To meet its aggressive growth targets, ConvergeOne has been ramping up its recruitment efforts by focusing on emerging talent and giving more people the opportunity to shift careers. By developing less experienced talent and investing more in their internship programs they can continue to increase their pipeline of talent.

When they traditionally used to only hire experts with years of experience within their field, they’re now being more open to sourcing talent from different backgrounds and giving them the necessary training to succeed.

Making space for meaningful conversations

At Siemens Energy, initiatives have been put in place to facilitate deeper listening. “What comes up in every survey is that employers want more growth and development. We find that continuous dialogue, meaningful conversations and regular check-ins empower employees and drive engagement.” Marcy says.

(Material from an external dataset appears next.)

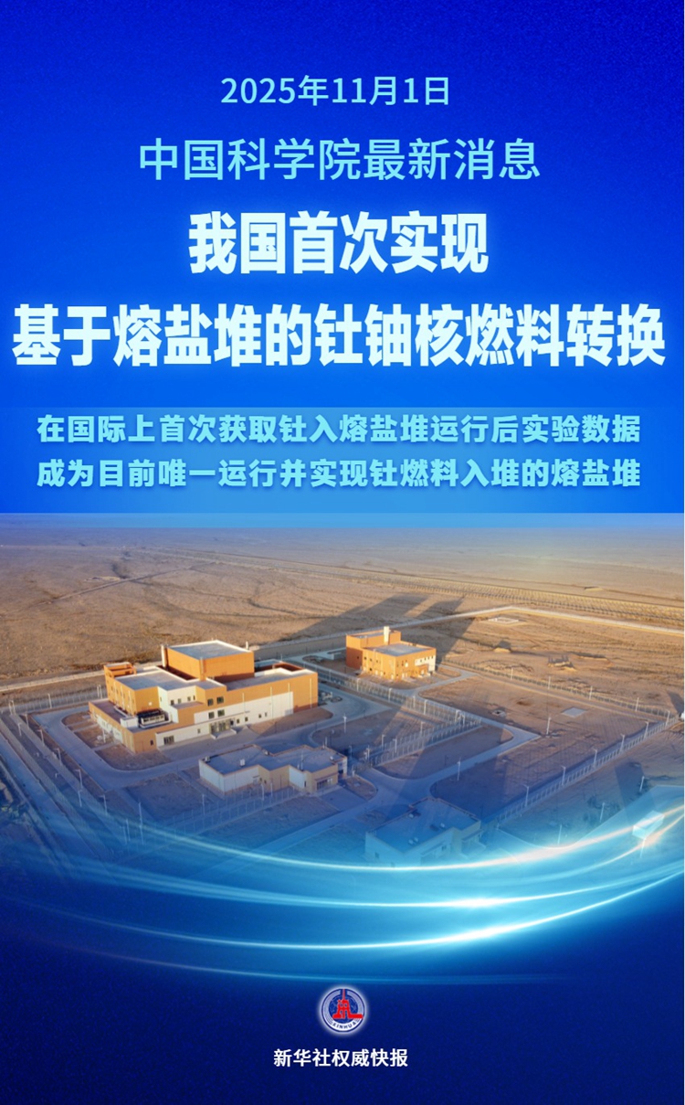 中科院记者11月1日获悉,由中科院上海应用物理研究所牵头的2兆瓦液体燃料熔盐实验堆首次实现钍铀核燃料转换。全球首次获得熔盐堆钍运行后实验数据。它成为目前唯一运行的熔盐反应堆,并在反应堆中实现钍燃料。首次证明了熔盐核能系统利用钍资源的技术可行性,进一步巩固了我国在国际熔盐堆研究领域的领先地位。这是钍基盐堆研发进程中的一个重要里程碑,为为我国未来大规模开发利用钍资源和发展第四代先进核能系统提供基础技术支撑和可行方案。记者:胡哲、张建松 海报制作:胡哲 新华社内部制作

One of the ways they’re doing this is by tying in their Future Ready Talent Program with 1:1’s with leadership and matching people from different departments. The idea is to create an exposure of leadership and allow employees to interact with people they wouldn’t normally speak with.

Coaching as a retention strategy

Something both companies have in common is to use coaching as a way to leverage retention. By building it in with their leadership development programs and cohorts, ConvergeOne uses coaching as a strategic tool to make their leaders better. 

“We firmly believe that there is a strong link between a good leader and people staying. A good leader can help people with their career aspirations, have open conversations, and encourage staff to be transparent about their plans to leave so that they can figure out how to get in front of it before it’s too late”. stresses Allison. 

Meanwhile, at Siemens Energy, they’ve built out their Future Ready Talent Program using Ezra to provide people with an opportunity for coaching outside of the organization, which has been impactful in times of stress and anxiety during the pandemic

Making People Feel Seen

In the end, it comes down to making people feel seen. Working remotely has left many employees feeling left behind. Companies need to think of ways beyond the paycheck to recognize their employees. When polling 1,080 employees, we found that 20% of workers felt that they’ve received less recognition since switching to remote work, despite the majority of them having worked additional hours. 

The last 18 months have turned the world on its head but it also gives us an opportunity to take a step back, get rid of what’s not working and create new structures that put employees at the center of the business. The Great Resignation is a cry from workers for a new world of work – one where they don’t have to choose between work and life.